Abstract

Machine Learning can work very well with image recognition, but it can also be used to recognize audio patterns. Machine listening can be used to identify audio patterns of different entities like car engine, human speaking, nature sounds etc. Aim of this thesis is to create a program which will read the labelled audio files, extract features from them, feed features to a sequential model, which will then classify these audio files of vehicles based on their sounds and then further categorize them as either light weight, medium weight, heavy weight, rail-bound or two-wheeled vehicle using the applications of machine listening and deep learning in the field of acoustics. It will also classify unlabelled test data files on a pre-trained model. Additionally, to increase the speed and performance of the software program and algorithm, the program could be executed on a High Performance Computing (HPC) system containing cluster which in turn will have many compute servers also called as nodes which will enable faster and parallel computing. This thesis provides an base model for the vehicle classification giving both advantages and disadvantages along with possibility for future extensions.

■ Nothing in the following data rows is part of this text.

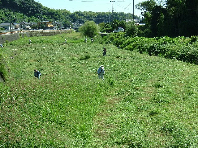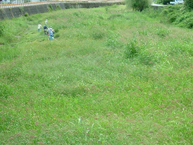 土曜日の草刈作業風景です。最初は伸びた葦に隠れてしまっている人影が、作業が進むにつれて露わになってきます。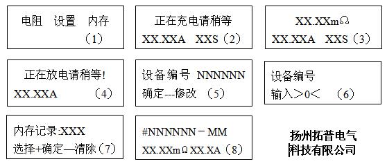 儀器開(kāi)機(jī)或按復(fù)位鍵后,進(jìn)入初始狀態(tài)(1)。此時(shí)光標(biāo)指針指向“電阻”,直接按“確定”鍵進(jìn)入狀態(tài)(2),顯示變化的充電電流和測(cè)量時(shí)間,充電完成后自動(dòng)進(jìn)入狀態(tài)(3),顯示電阻值、測(cè)量電流和測(cè)量時(shí)間,此時(shí)每一次“確定” 鍵則儲(chǔ)存一次測(cè)量結(jié)果(帶打印機(jī)的機(jī)型同時(shí)打印出測(cè)量結(jié)果)。按“復(fù)位”鍵退出電阻測(cè)量,進(jìn)入狀態(tài)(4),顯示放電電流。放電結(jié)束后,自動(dòng)回到初始狀態(tài)(1),完成一次電阻測(cè)量。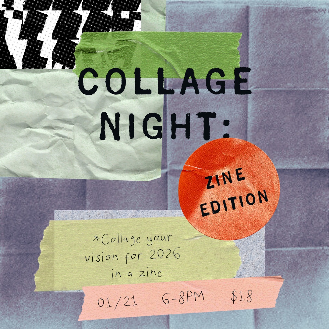 This Collage Night, we're turning scissors and glue into a plan for 2026. Using pre-folded zines and guided prompts, you'll collage a small, personal zine meant to inspire (and maybe clarify) what you want from the year ahead. All materials provided.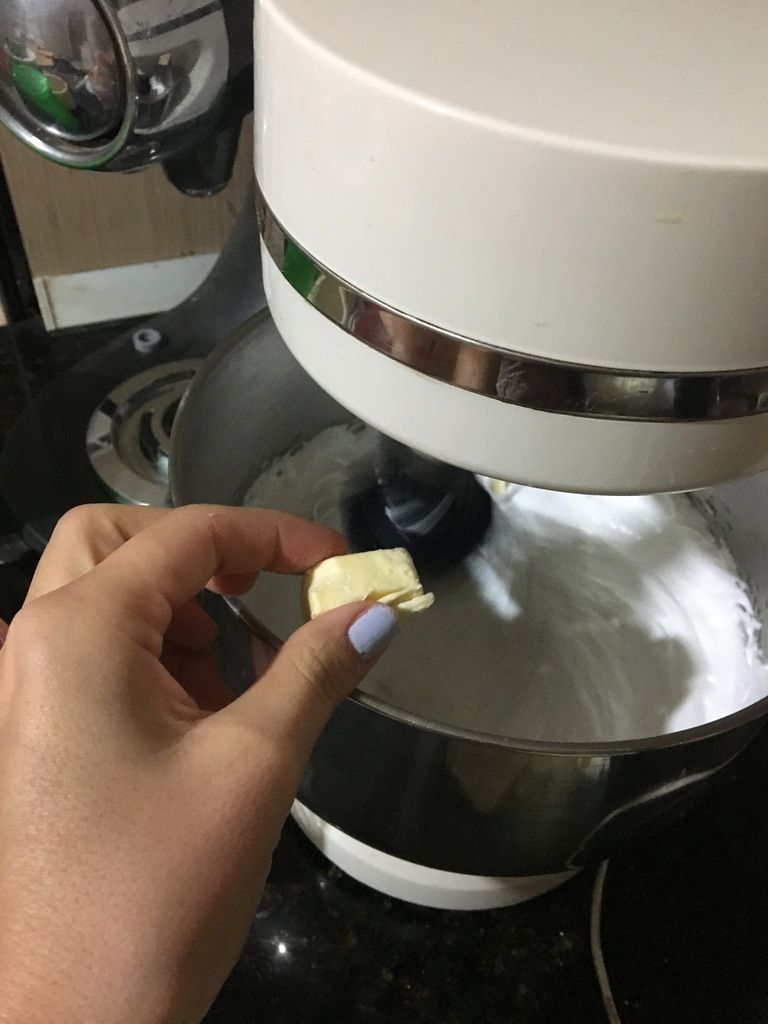 - Une fois tout le sirop de sucre incorporé, montez la vitesse de votre robot au maximum laissez le continuer de fouetter jusqu’à ce que votre appareil épaississe et refroidisse entièrement. Vous obtenez alors une Meringue Italienne bien brillante et blanche. continuez bien à la fouetter jusqu’à ce que votre bol soit à température ambiante, vous pouvez vérifier avec vos mains), ajoutez petit à petit le beurre mou. Cela peut prendre jusqu’à 5 minutes facile.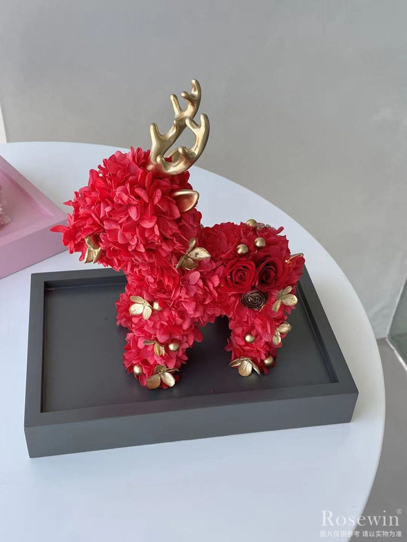 一鹿相伴主題永生花禮盒裝(紅色款)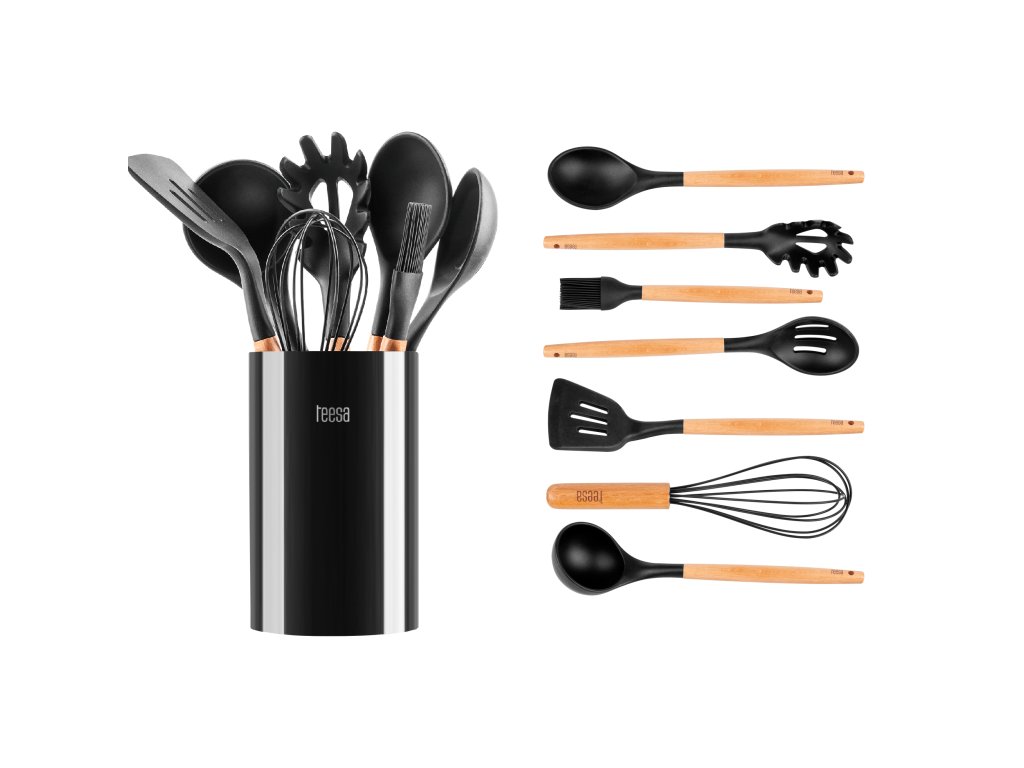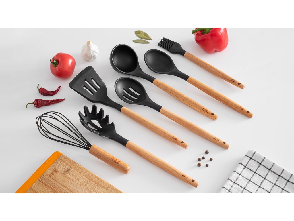 Setul de ustensile de bucătărie Teesa TSA0122 a fost creat cu gândul la ele, pentru a completa perfect interioarele bucătăriilor clasice și moderne. Conține toate accesoriile cel mai frecvent utilizate pentru prepararea mâncărurilor zilnice, cum ar fi polonic, lingură de servit și lingură pentru paste, spatulă și lingură perforată, pensulă și tel.

User-Case: Region - Stuttgart, Germany

One could easily get annoyed by the noise of traffic, vehicles, specially in bigger cities like Stuttgart. Also, the city of Stuttgart is situated inside a valley, and thus sound can be reflected back by the hills. So controlling the sound pollution levels in this region is a major part of the research. This classification approach can help reduce the noise pollution level in Stuttgart.

Model Implementation

Conclusion

In this thesis, we have described various approaches and alternatives and chosen a suitable one for obtaining data, reading the data, extracting features from the data and finally creating a model which leads to achieve the goal of classifying the vehicles into their respective categories. Demonstrating the behaviour of the model on different noise values also provided us with the extent to which our model can predict accurately. We also showcased the technique of data augmentation which can be applied for data enrichment to get better results in case of data scarcity. Training time can be reduced to a large extent by using the parallel computing nodes on the HPC cluster. Also, using a balanced dataset for training, the model can predict even on the unlabelled test data. As a future extension, a clustering algorithm like k-means clustering can be used to separate skewed or noisy data and non-noisy data before starting the training process.
After classifying the data about vehicles into categories, city experts can extract which type of and how many vehicles pass by, which of these types produce the highest noise levels etc. Finally using this extracted information, specialists from different areas can take suitable measures to control noise pollution in the region. For example, building architects can derive on how the building structure should be, other smart city experts can take appropriate measures to reduce noise pollution levels for that region.